Section 197(c) provides that where any undisclosed income [which has accrued or arisen or received prior to commencement of this scheme] and no declaration in respect of such income is made, such income shall be deemed to have accrued or arisen or received in the year in which a notice under section 142/143(2)/148/153A/153C is issued by the Assessing Officer, and the provisions of the Income Tax Act'1961 shall apply accordingly.

To understand the implication from the revenue's perspective, let us assume, that some undisclosed income pertaining to A.Y. 2014-15, of say 10 crores, is detected by the department in F.Y. 2016-17 ( say in December’2016).
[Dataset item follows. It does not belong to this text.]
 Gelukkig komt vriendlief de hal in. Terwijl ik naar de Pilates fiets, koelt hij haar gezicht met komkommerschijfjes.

Under normal provisions of Income Tax Act' 1961, as per Section 149, notice u/s 148 can be issued for A.Y. 2014-15 up to 31-03-2021. Assessment u/s147 shall be made for A.Y. 2014-15 and interest u/s 234B and 234C shall be levied, beginning from A.Y. 2014- 15.
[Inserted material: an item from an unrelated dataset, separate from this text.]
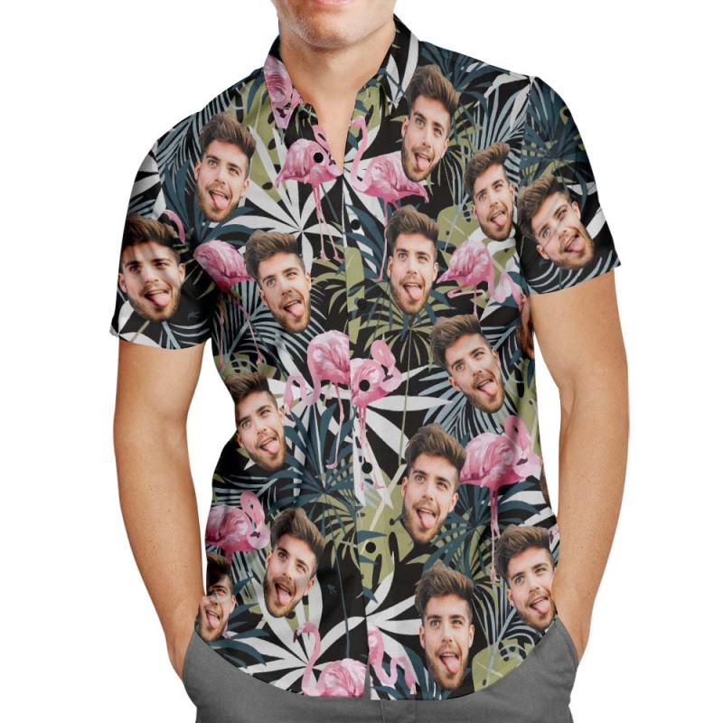 Custom Face Hawaiian Shirt Leaves and Flamingo Personalized Aloha Beach Shirt For Men

However, following a strict interpretation of Section 197(c) of the Finance Act' 2016, it appears that the Income so escaped for assessment for A.Y. 2014-15 shall be deemed to be the Income of A.Y. 2017-18. Pursuant to it, department will lose significant interest since u/s 194(c) , the income is deemed to be the income of the current year as thus there is no question of levying interest w.e.f from the year in respect of which the Income escaped assessment.

Therefore, by incorporating the above provision i.e. 197(c) under this scheme, the mechanism of limitation prescribed under the Act seems to be erased by the legislature.
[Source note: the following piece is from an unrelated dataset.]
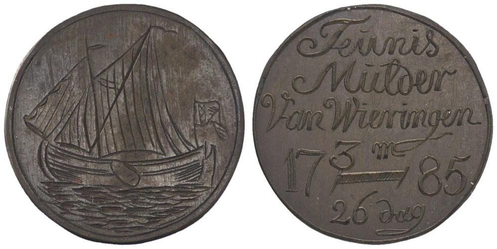 voorzijde: binnen een cirkelgroef een naar links varend zeilschip met een mast, sprietzeil, fok en kluiver. Een vlag op de achtersteven met het wapen van Amsterdam.

IV. Addressing the controversy in the Union Budget 2017-18:-

In view of the aforementioned legal position and the various representations received from stakeholders citing genuine hardships if Section 197(c) of the Finance Act'2016 is made applicable, the Hon'ble FM proposed to omit clause (c) of section 197 of the Finance Act, 2016. This amendment will take effect retrospectively from lst June, 2016.

However, in order to protect the interest of the revenue in cases where tangible evidence(s) are found during a search or seizure operation (including 132A cases) and the same is represented in the form of undisclosed investment in any asset, it is also proposed that section 153A relating to search assessments be amended to provide that notice under the said section can be issued for an assessment year or years beyond the sixth assessment year already provided up to the tenth assessment year if -

(i) the Assessing Officer has in his possession books of accounts or other documents or evidence which reveal that the income which has escaped assessment amounts to or is likely to amount to fifty lakh rupees or more in one year or in aggregate in the relevant four assessment years(falling beyond the sixth year);

(ii) such income escaping assessment is represented in the form of asset;

(iii) the income escaping assessment or part thereof relates to such year or years.

Necessary enabling amendment to this effect is also proposed u/s 153A and 153C of the act. It is however proposed that the amended provisions of section 153A shall apply where search under section 132 is initiated or requisition under section 132A is made on or after the 1st day of April, 2017.

Disclaimer: The contents of this document are solely for informational purpose. It does not constitute professional advice or a formal recommendation. While due care has been taken in preparing this document, the existence of mistakes and omissions herein is not ruled out.